Reporter Shin Chang-min of Biospectator
‘AT132’, a treatment for
Astellas Pharma appears to have found a clue to the possibility of continuing the development of AAV gene therapy, which had its clinical trial halted three years ago when four patients died.
The patient who died in the clinical trial was found to have had an underlying disease related to cholestasis, and as a result, there was a possibility to continue development by excluding patients with cholestasis from recruitment in the future. However, it is still unclear whether clinical development will resume.
On the 15th, Astellas announced that these clinical results were published in the international academic journal ‘The Lancet Neurology’ and disclosed the results of analyzing the cause of patient death following treatment administration.

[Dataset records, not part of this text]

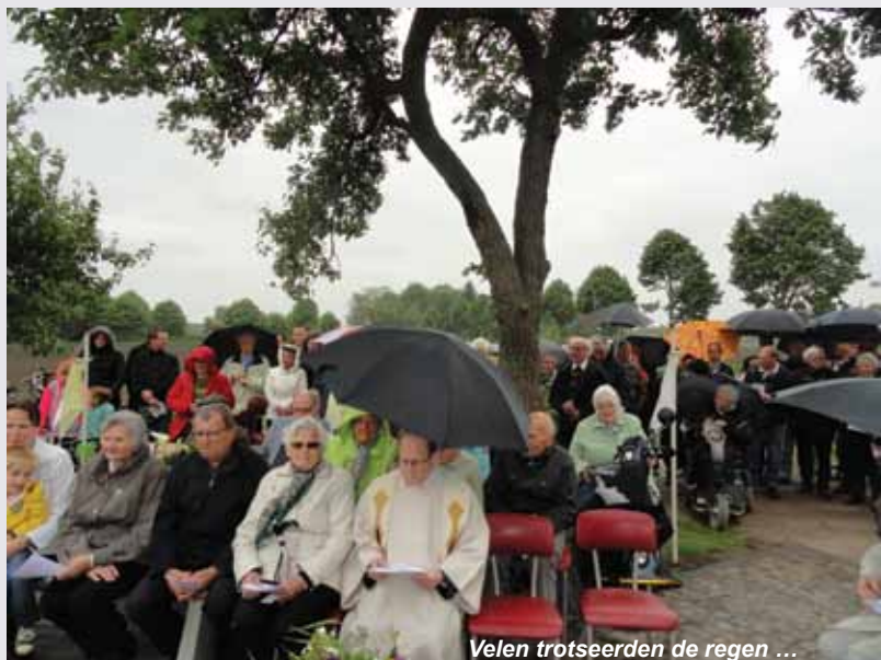
Velen trotseerden de regen ...
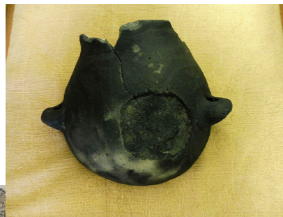
Polovina nádoby vytažená z neolitické studně

V blízkosti jednoho z domů pak byla objevena studna. Nálezy studní jsou vzácné, ve střední Evropě jich bylo objeveno jen několik. Tento nález je datován přibližně do období kolem roku 5 300 př. n. l. Vyzvednutí této studny bylo prací velice náročnou vzhledem ke spodní vodě. Ale právě uložení ve vodě umožnilo zachování organického materiálu. Asi metrové roubení studny je z dubových trámů, na dně ležel vydlabaný kmen, našla se také polovina nádoby na vodu s dochovaným útržkem provázku. Dalšími informacemi jsou např. pylová zrnka či pozůstatky rostlin, ze kterých se může usuzovat, jaké přírodní podmínky zde panovaly.
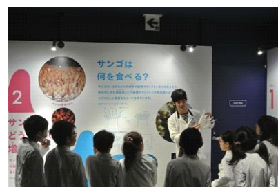
恐竜研究員のガイドツアー ※イメージ画像

開催日：2014年8月19日(火) 開催時間：〔子ども向け〕11時00分～12時00分 〔大人向け〕19時30分～20時30分 開催場所：館内各所 参加定員：各回20名 参加方法：事前募集 ※詳細は公式ホームページでお知らせします。 開催内容：福井県立恐竜博物館の研究員が、各種骨格標本を解説する特別なガイドツアーです。
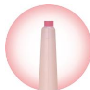
繰り出しタイプの 1.5mmの極細芯
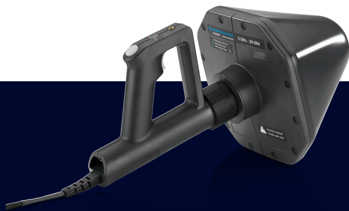
Портативная направленная СВЧ-антенна R&S®HE400MW с антенным модулем R&S®HE400SHF.
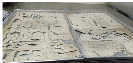
Gambar 3. Pati batang nanas yang dikeringkan dalam oven
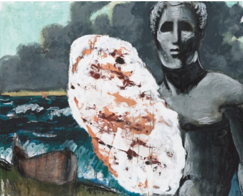
Ulysses IV, 2011 Mischtechnik auf Leinwand 130 × 162 cm

Astellas was developing a gene therapy drug ‘AT132’ for the indication of X-linked myotubular myopathy (XLMTM), a rare genetic disease, but due to liver/hepatobiliary side effects in phase 1/2 clinical trials in 2020, 3 One patient died, and one additional patient died the following year. As a result, Astellas was placed on clinical hold by the U.S. Food and Drug Administration (FDA).

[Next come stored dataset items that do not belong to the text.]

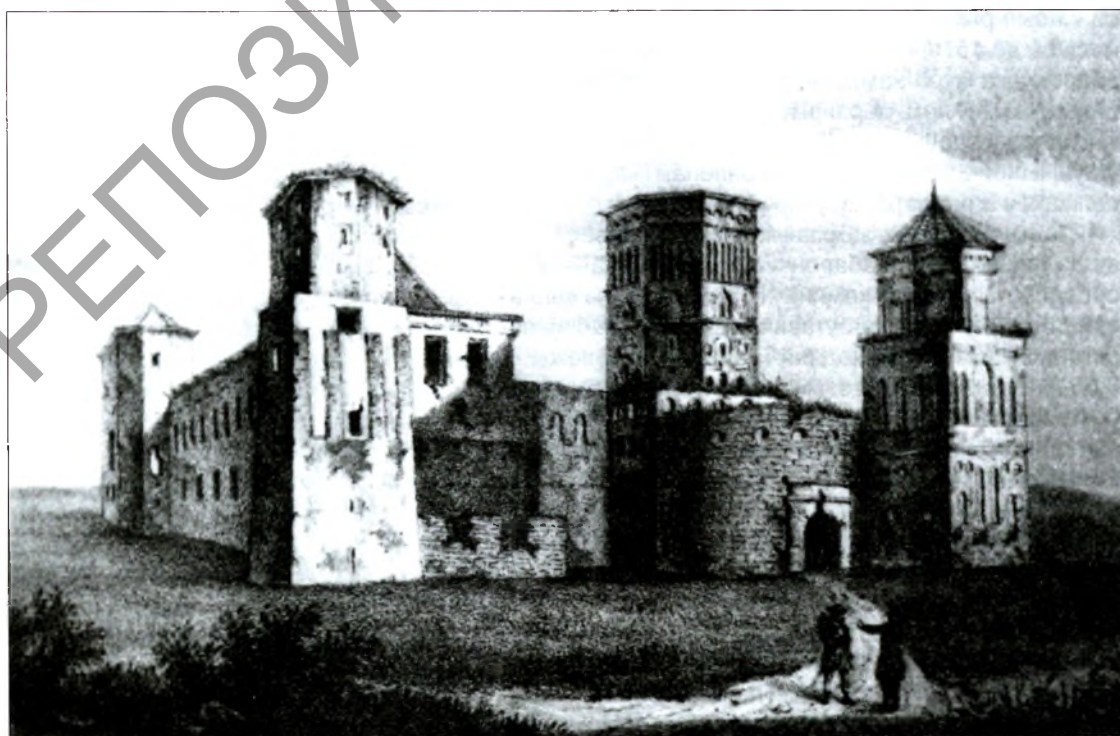
Канут Русецкі. Мірскі замак. 1853 г.

Тэхналогію вырабу аднатоннай паліванай кафлі і складаную тэхналогію вырабу паліхромнай (шматколернай) кафлі прынеслі ў ВКЛ італьянскія майстры. Пад уплывам Рэнэсансу на беларускіх кафляных пачынаюць з'яўляцца антрапаморфныя выявы, якія часам складаюць цэлыя кампазіцыі. Першая, най-
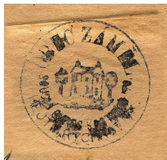
Zámělské obecní razítko používané v roce 1880
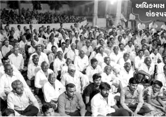
અધિકમાસ કથાપારાયણ શંકરપરા-બોટાદ
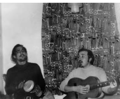
Az első Kaláka-klub a KFKI Fadrusz utcai klubjában trióban

volt. Sokan nem mentek át ezen az iskolán, és ezen is múlhatott, hogy eltűntek. Aztán persze nekünk az is jót tett, hogy felkapott minket a rádió, a tévé, amik akkor még monopóliumban voltak, tehát ha mi ott játszottunk, azt mindenki látta, hallotta.
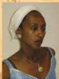
חשיפה לזרבות האתיופיות - עמי 13
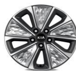
Cerchi in Lega da 17" 215/55 R17
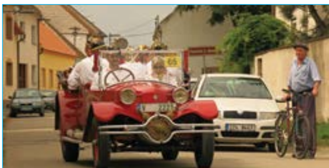
Hasiči z Luhačovic v otevřeném voze značky Tatra.
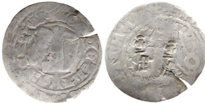
Рис. 5. Богемія, Вацлав IV, грош з подвійною контрамаркою німецького м. Зост

Монети з кількома надкарбуваннями. Навесні 2010 р. на розораному узбережжі річки поблизу с. Курники Вінницької обл. знайшли скарб празьких грошей з одним контрамаркованим примірником. До складу давнього депозиту входило 15 цілих монет та 7 уламків. Усі надані монети можна визначити як празькі гроші, карбовані в Богемії від імені короля Вацлава IV у першій половині XV ст. Серед монет та їх уламків особливий інтерес викликає гріш Вацлава IV із двома контрмарками на реверсі (рис. 5). Два надкарбування у вигляді ключа відносяться до контрмарок німецького м. Зост (нім. Soest) 144 . Такі контрамарки м. Зост використовувалися для підтвердження якості та повної ваги празьких грошей. Відомо 7 типів таких надкарбувань, які відрізняються стилем ключа.

AT132 is an asset acquired by Astellas when it acquired Audentes Therapeutics for $3 billion in 2020. AT132 is a concept that treats MTM1, the causative gene of X-linked myotubular myopathy (XLMTM), by delivering it using an AAV8 vector.
AT132 was evaluated as a promising treatment by the industry as it showed efficacy in patients’ ventilator independence and sitting without assistance in phase 1/2 clinical trials. However, a total of four patients died in both the high-dose and low-dose treatment groups, darkening the prospects for developing the treatment.

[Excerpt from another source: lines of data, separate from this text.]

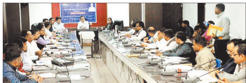
बैठक में उपस्थित अधिकारी।

कलेक्टर ने प्रधानमंत्री जनमन योजना के क्रियान्वयन स्थिति की जानकारी लेते हुए जिले के चिन्हांकित सभी समुदाय के लोगों को प्रधानमंत्री जनमन योजना का लाभ दिलाने मिशन मोड में कार्य करने की बात कही। उन्होंने
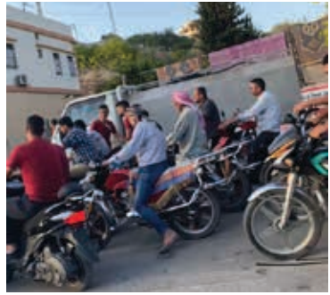
ينتظرون دورهم لتعبئة البنزين في إحدى محطات لبنان

ليست المشكلة هنا ولكن عندما تواجه اناسا عربا ويقولون امامك بان كل ما يجري في عالمهم المفترض انه يحتوي عليهم واقاربهم واصدقائهم ومسقط رأسهم ، تصبح الكلمة المتداولة عند البعض وعلى المبدأ الكندي نفسه ولكن بلغة عربية هذه المرة : ( آخر همي ما يجري. المهم اني هنا انعم بالامان والعيش الرغيد وكل ما عدا ذلك يردد امامك مرارا وتكرارا نفس الجملة : ( آخر همي ) .
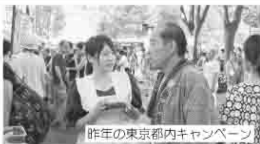
昨年の東京都内キャンペーン
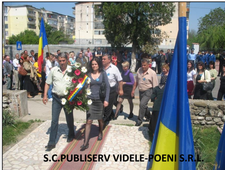
S.C.PUBLISERV VIDELE-POENI S.R.L.

According to this paper published by Astellas, all four patients who died in phase 1/2 clinical trials had underlying diseases such as cholestasis, such as hyperbilirubinaemia and cholestatic hepatitis, before receiving AT132. It was found that there was clinical evidence related to .
In addition, the paper explained that the liver damage-related side effects confirmed in AT132’s clinical trials have different characteristics from the non-cholestatic hepatotoxicity found in currently commercially available AAV-based gene therapy drugs. Hepatotoxicity confirmed in gene therapy for hemophilia and Duchenne muscular dystrophy (DMD) was related to immune response, and symptoms improved as immunosuppression occurred. However, in the case of hepatotoxicity confirmed in clinical trials of AT132, immunosuppression was not effective.
Astellas explained that following the death of a patient due to cholestatic hepatopathy, it is investigating the tendency of cholestasis in XLMTM patients and is identifying the mechanism related to AT132. It is expected that this will reduce the risk of side effects in patients receiving AT132 in the future. Astellas is considering blood bile acid testing to analyze patients’ tendency to cholestasis.
Richard Wilson, Senior Vice President, Genetic Regulation, Astellas, said, “We are working to address the challenges of currently halted trials, and this paper provides a guide to advance promising treatments for XLMTM. “I think we can do it,” he said.